■ Activity
All lines in the records below from the line with "Сушилка для белья" through the line with "Upgrade your bathroom" are to be given again exactly, both ends included; the pictures are to be left out.

■ Recorded data
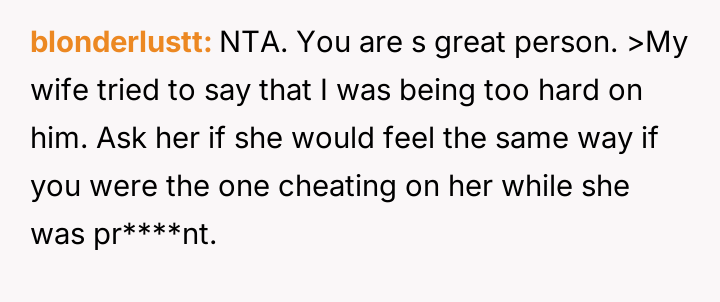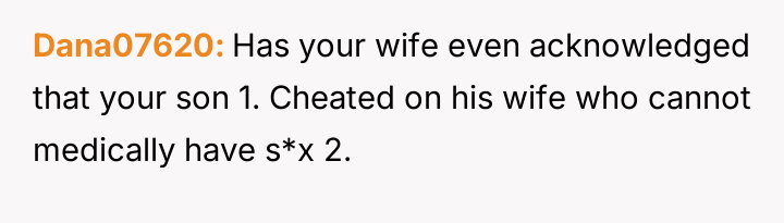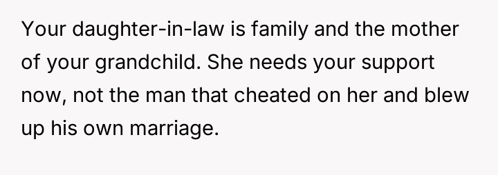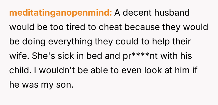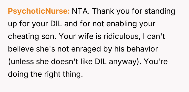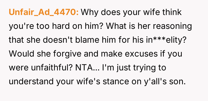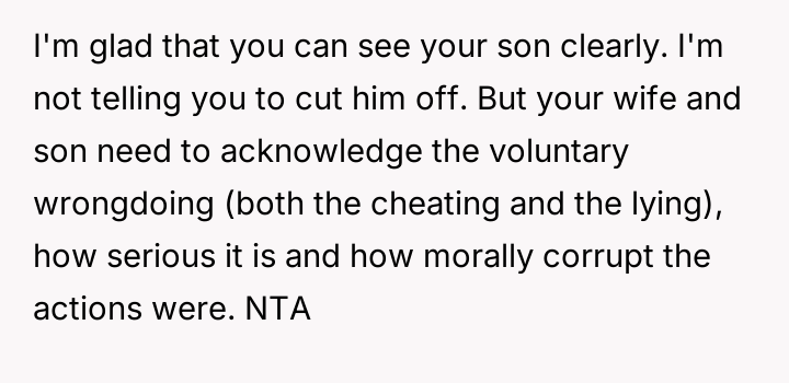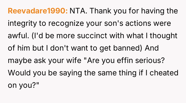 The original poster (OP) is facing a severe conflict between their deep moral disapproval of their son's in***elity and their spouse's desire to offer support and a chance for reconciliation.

--

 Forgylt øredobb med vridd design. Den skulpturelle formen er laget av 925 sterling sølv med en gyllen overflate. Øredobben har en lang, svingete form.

...

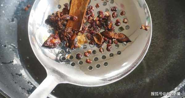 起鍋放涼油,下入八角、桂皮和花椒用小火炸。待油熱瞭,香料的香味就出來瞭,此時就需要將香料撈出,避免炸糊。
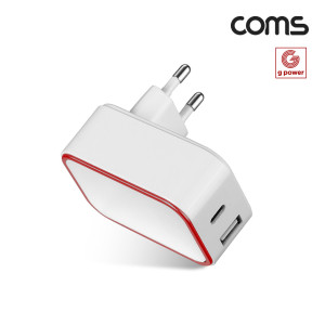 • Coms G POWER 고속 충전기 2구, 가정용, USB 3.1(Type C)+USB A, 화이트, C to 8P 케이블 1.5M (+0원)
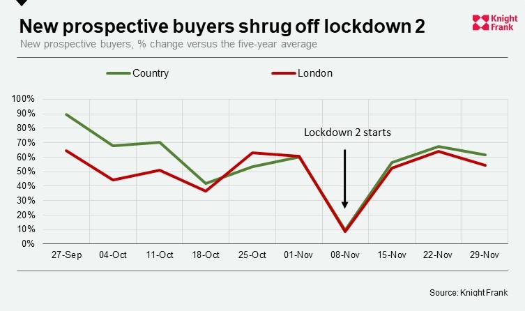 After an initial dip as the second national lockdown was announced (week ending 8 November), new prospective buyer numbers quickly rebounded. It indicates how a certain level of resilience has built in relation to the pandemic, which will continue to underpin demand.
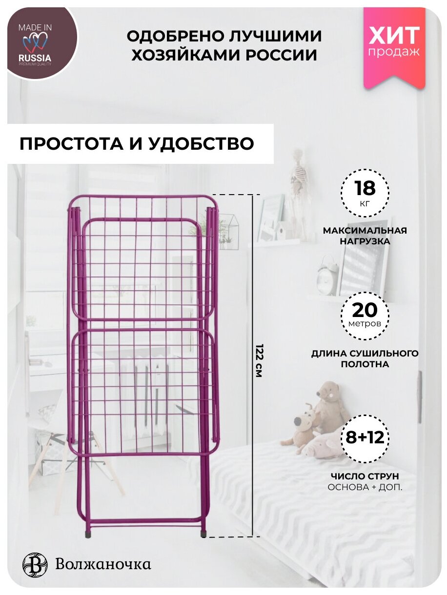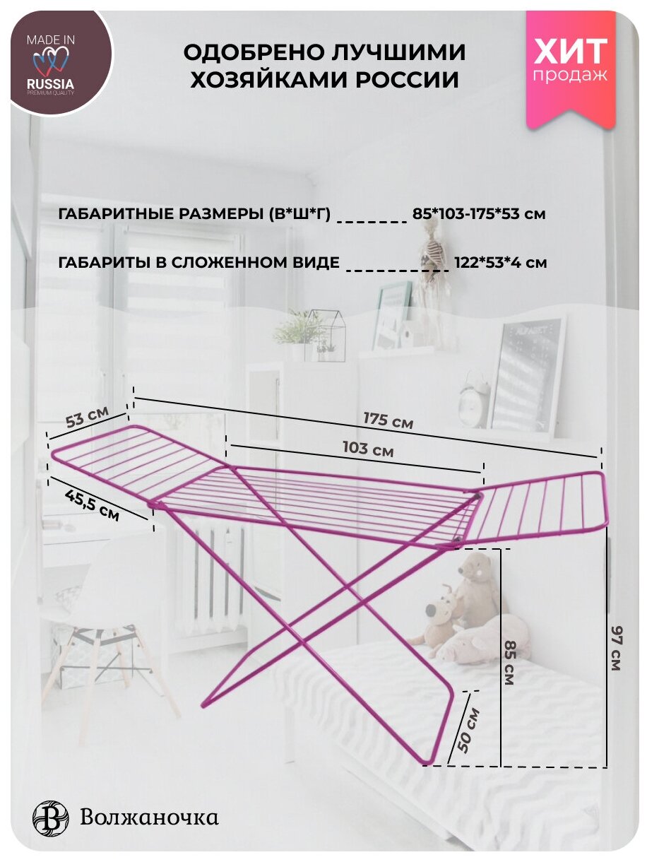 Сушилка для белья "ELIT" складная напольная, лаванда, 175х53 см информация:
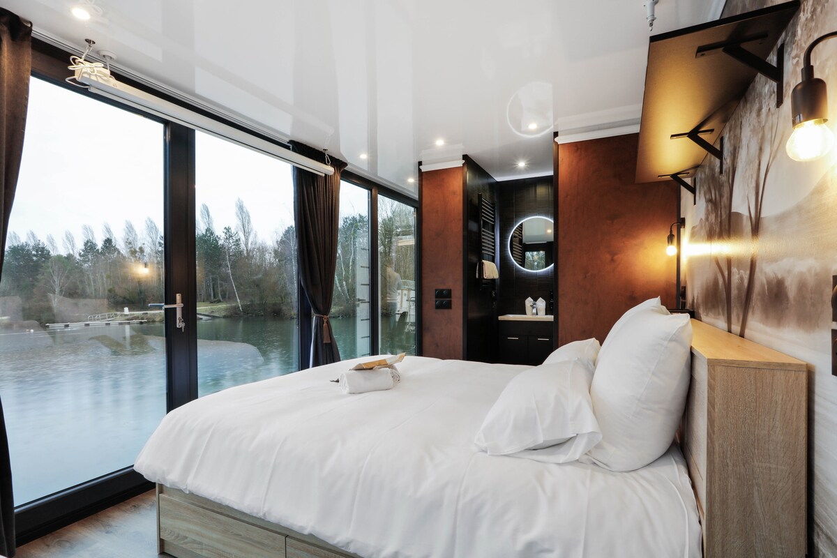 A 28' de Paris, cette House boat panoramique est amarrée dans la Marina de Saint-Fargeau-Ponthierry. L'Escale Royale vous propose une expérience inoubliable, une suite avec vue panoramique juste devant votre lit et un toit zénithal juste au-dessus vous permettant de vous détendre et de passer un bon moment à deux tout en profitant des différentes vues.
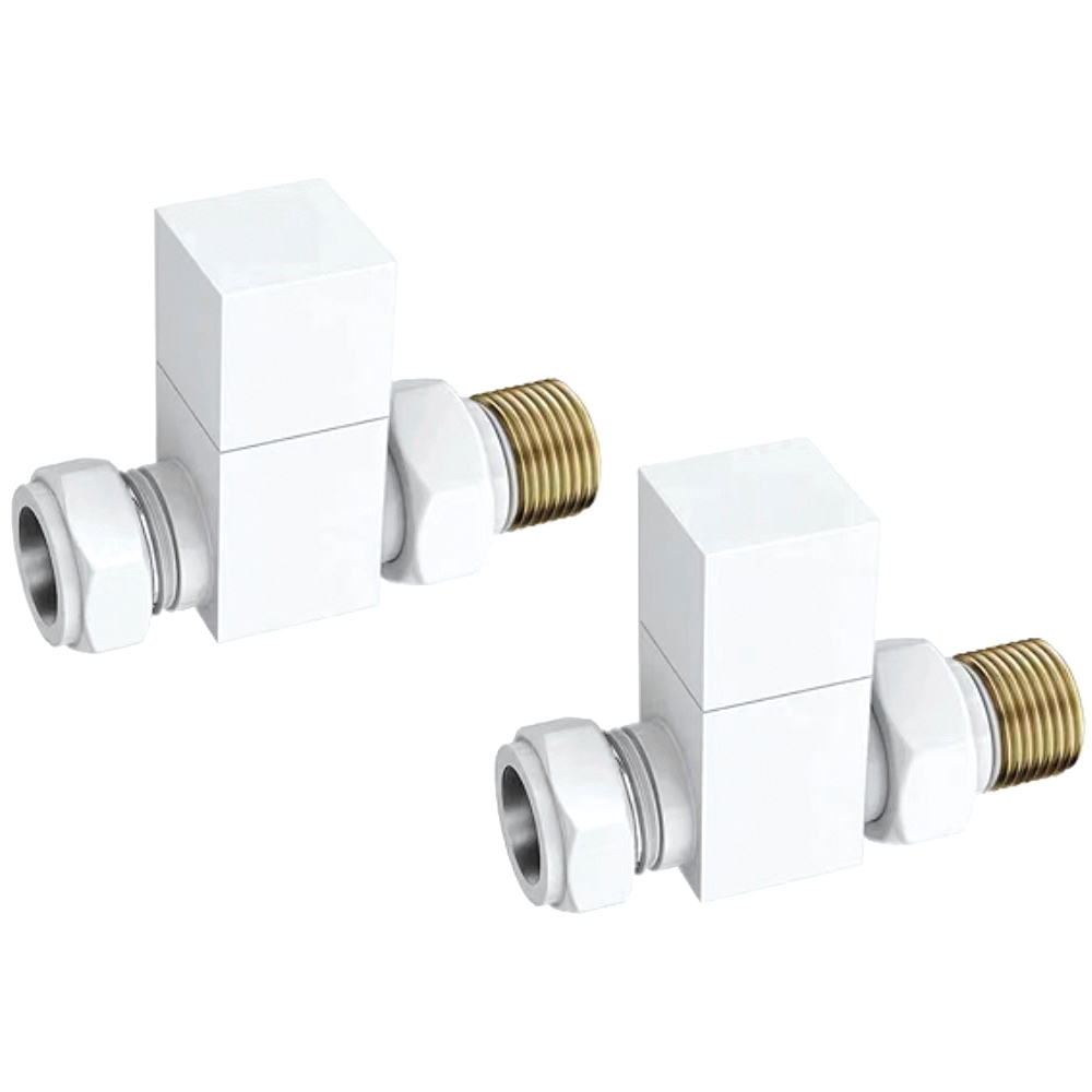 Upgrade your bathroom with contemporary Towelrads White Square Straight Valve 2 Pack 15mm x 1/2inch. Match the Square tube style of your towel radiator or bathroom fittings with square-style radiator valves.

■ Answer space
 Сушилка для белья "ELIT" складная напольная, лаванда, 175х53 см информация:
 A 28' de Paris, cette House boat panoramique est amarrée dans la Marina de Saint-Fargeau-Ponthierry. L'Escale Royale vous propose une expérience inoubliable, une suite avec vue panoramique juste devant votre lit et un toit zénithal juste au-dessus vous permettant de vous détendre et de passer un bon moment à deux tout en profitant des différentes vues.
 Upgrade your bathroom with contemporary Towelrads White Square Straight Valve 2 Pack 15mm x 1/2inch. Match the Square tube style of your towel radiator or bathroom fittings with square-style radiator valves.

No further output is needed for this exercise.